The implications for the balance of power, and therefore for the Abbott government’s legislative agenda, are significant.
The numbers in the current Senate are not kind to the Coalition. With only 33 Senators, the Coalition needs at least six extra votes in the upper house to pass any legislation. Each and every bill is therefore a difficult negotiation between the government and a very motley crew of crossbenchers.
This scenario would pose a stiff challenge for the wiliest of governments. For the Abbott government, which struggles to come to terms with anything short of meek acquiescence, the requirement for six crossbench votes for each and every bill has proved something of an insoluble puzzle.
As a result, key legislation languishes. Last week, the crossbenchers combined with Labor and the Greens to vote down the government’s controversial financial advice reforms, known as FOFA. Although overshadowed by the explosion of public anger over funding cuts to the ABC and SBS, it was in itself a significant defeat.
The FOFA story is long and complicated. FOFA was originally a Labor reform package that imposed modest new regulations on financial planners – in particular, requiring them to keep asking their clients if they wanted to retain their financial advisors’ services. The big banks opposed this, because it threatened their lucrative trailing commissions and advice fees. The incoming Abbott government sided with the banks, rolling back Labor’s reforms. Now the Senate has struck down that roll-back, in a humiliating defeat for Finance Minister Mathias Cormann.
FOFA is hardly alone. Plenty of other bills are in trouble. The government’s higher education reforms are due to be voted on this week. They look headed for defeat. The $7 GP co-payment, which has already cost the government so much negative publicity, hasn’t even been introduced to the Parliament.
Now that Lambie has defected, the government’s task has become yet more complicated.
On the face of it, Lambie’s independence should give Coalition Senate leader Eric Abetz an opportunity to build a new faction. But it also takes away one vote from the Palmer bloc – which has been instrumental in helping the government pass bills like the abolition of the carbon tax.

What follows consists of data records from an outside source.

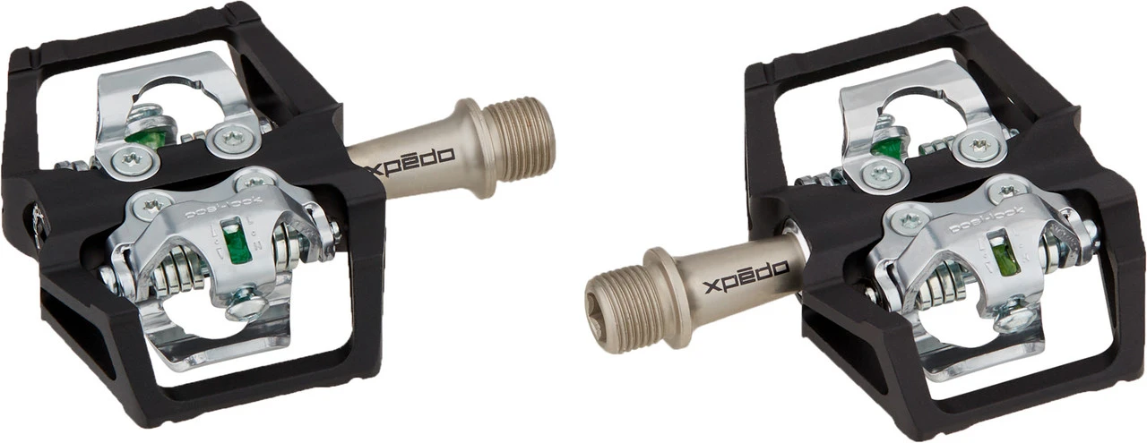 Spezifikationen:Einsatzbereich:MTBAusführung:Klickpedale mit PlattformTechnische Daten:Material Pedalkörper:AluminiumMaterial Achse:CrMo (Hohlachse)Größe:61,2 x 76 x 18,6 mmGewinde:9/16“Lagerung:Cartridge 3-fach, gedichtetBindung:doppelseitigBewegungsfreiheit:6°Auslösekraft:einstellbarKompatibilität:Shimano, SPDSonstiges:neue, offene Bauweise, selbstreinigendHerstellernummern:schwarz:XMF09AC blackgrau:XMF09AC greyblau:XMF09AC bluerosa:XMF09AC pinkLieferumfang:1 Paar Klickpedale Xpedo Baldwininkl. Cleats
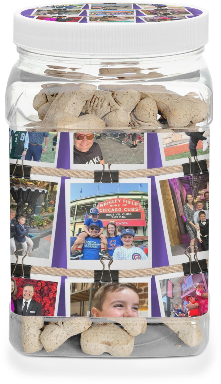 Spoil your pup with a brand new, personalized dog treat container! Your dog will be sure to wag his/her tail whenever he/she catches sight of it perched on your countertop!
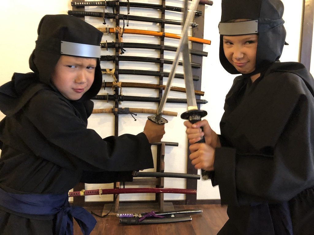 どちらのプランにも含まれるベーシックな体験内容が、博物館の中の見学、手裏剣投げ体験、サムライのコスチューム体験です。写真の忍者の秘密授業では、日本の歴史における忍者についてと、彼らが秘密の任務に使用した武器や道具、忍術などが学べます。手裏剣投げ体験では、ターゲットに狙いを定めてレプリカの手裏剣を実投。甲冑コスチュームと本物の兜を身につけたり、かっこよく刀を構えて撮影ができる甲冑着用撮影、侍の刀体験も人気です。
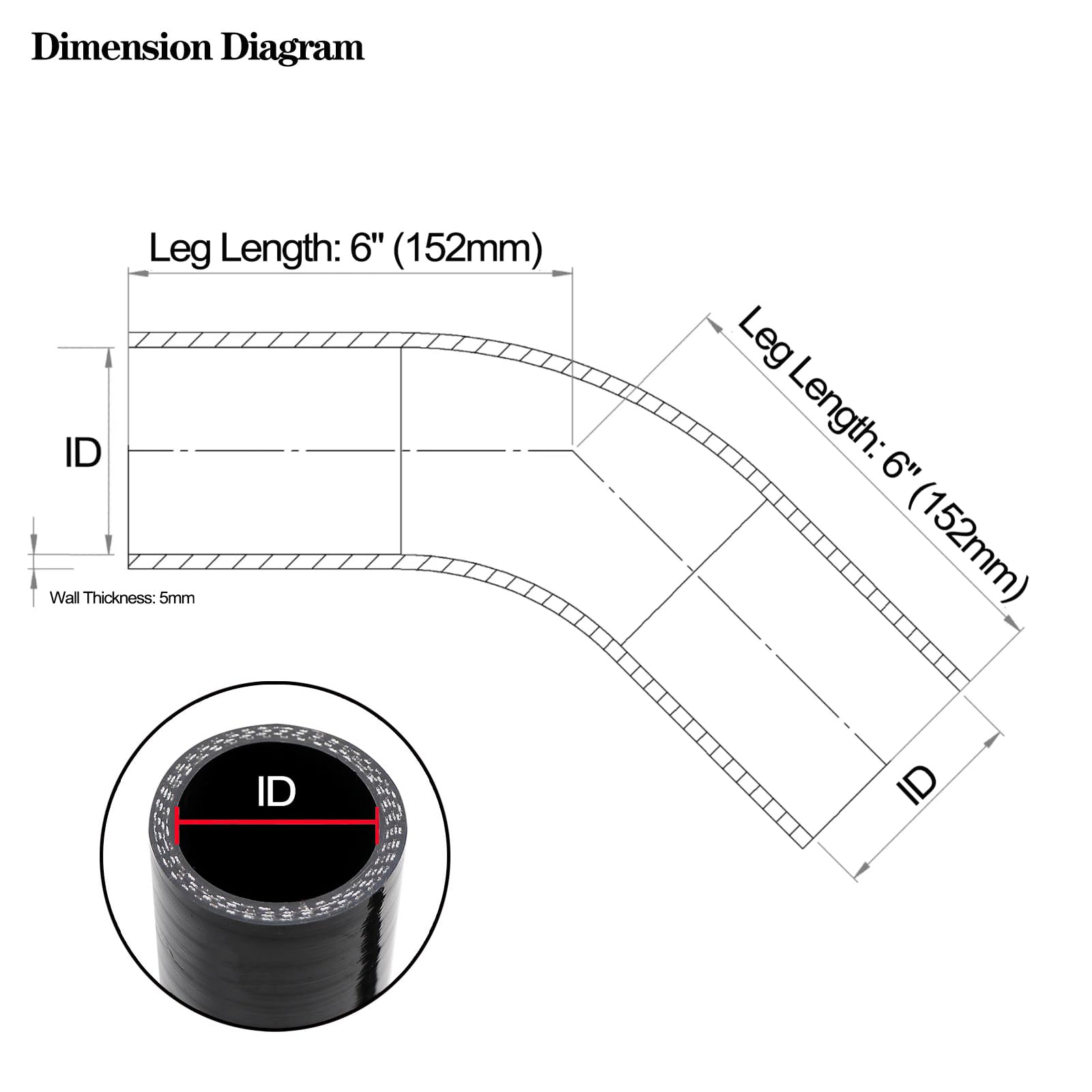 SIZE: 45 degree radiator hose size is 1.75 inch (45mm), Leg Length 6 inch (152mm).

There are more jigsaw pieces, but the puzzle remains.
Lambie’s first test as an independent is whether she can force concessions from the government over her own burning issue: a pay rise for the servicemen and women of the Australian Defence Force.

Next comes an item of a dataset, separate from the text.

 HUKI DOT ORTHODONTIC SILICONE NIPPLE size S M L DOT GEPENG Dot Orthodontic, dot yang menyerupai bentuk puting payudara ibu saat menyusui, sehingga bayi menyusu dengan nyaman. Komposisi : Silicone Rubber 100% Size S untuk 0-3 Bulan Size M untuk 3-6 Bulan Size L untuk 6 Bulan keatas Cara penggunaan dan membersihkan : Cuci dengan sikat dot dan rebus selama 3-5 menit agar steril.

The background to the dispute is the surprisingly modest pay rise of 1.5 per cent offered by the government to the serving personnel of the ADF. That’s well below inflation, meaning their wages will decline in real terms. Labor and the minor parties have been attacking the offer for weeks. Lambie, a former military policewoman, has threatened to vote against all future government legislation unless the Abbott government revisits the pay offer.
Now that Lambie has left the Palmer bloc, the Coalition may well have a chance to cut a deal. Indeed, it’s a mark of the government’s mismanagement that it has let the pay deal fester this long.
The Abbott government has committed to a big increase in defence spending, and defence experts say the money is there for a better deal. While the government is on a mission to rein in the salaries of public servants across the board, the optics of squeezing soldiers, sailors and air personnel at the same time they are being asked to fight in Iraq are hardly in the government’s favour.
The Lambie defection comes at an interesting point for the Abbott government. Behind in the polls, the government has been badly wrong-footed by the intensity of the public backlash against the cuts to the ABC and SBS. Abbott and his cabinet badly need some wins.
As a result, given the government’s many and various problems, Lambie might be in a better negotiating position than many realise. Perhaps this is why Lambie is seeking a meeting with Prime Minister Tony Abbott over the pay deal. So far, we're told, her request has been rebuffed. Should it happen, it will be an intriguing encounter.
How will Lambie fare as an independent? The Tasmanian has taken a decision that offers both opportunities and perils.
Now that she’s an independent, Lambie has the opportunity to carve out her own niche. She is now free of the direction of Clive Palmer; she can chart her own course.
Given her media profile is already considerable, this should help Lambie to pose as a plucky populist standing up for the interests of Tasmanians – particularly regional Tasmanians, whose unemployment levels and human development metrics are well below those of their mainland cousins.
Much like Queensland, Tasmania has a long history of right wing populism, with maverick figures like Brian Harradine and Michael Hodgman looming large in the political history of the island state. Lambie’s humble origins and plain-spoken style are cut from the same cloth. If she sticks to a platform of putting Tasmania at the top of her agenda, she could have a long and successful Senate career.
However, Lambie’s move also brings with it significant risks.
Lambie is clearly a woman of conviction, but conviction is not always sufficient. Her political career is neither long, nor particularly distinguished. She flirted with both Labor and Liberal before joining forces with Palmer. It’s not a record that suggests she plays well with others. Her penchant for controversial public statements could also prove a double-edged sword.
Independent senators must cope with a huge workload if they are to meaningfully engage with the volume of legislation that governments propose. They also endure considerable scrutiny, particularly if their vote becomes crucial to a particular bill. Experienced operators like Nick Xenophon thrive in the spotlight. Others have wilted, however. By the end of his single term in the Senate, Family First’s Steve Fielding was a widespread figure of ridicule. John Madigan is headed for the same fate.
Perhaps the biggest threat to independents is obscurity. Crossbenchers can’t achieve anything without building a caucus in the chamber to cut deals and pass legislation. To secure funding and support for their favourite hobby horses, independents need to build alliances and ultimately negotiate with the government of the day. If they can’t, they can end up languishing in the back rows of the chamber, unable to influence the political agenda.
Will this be Lambie’s fate? We’re about to find out.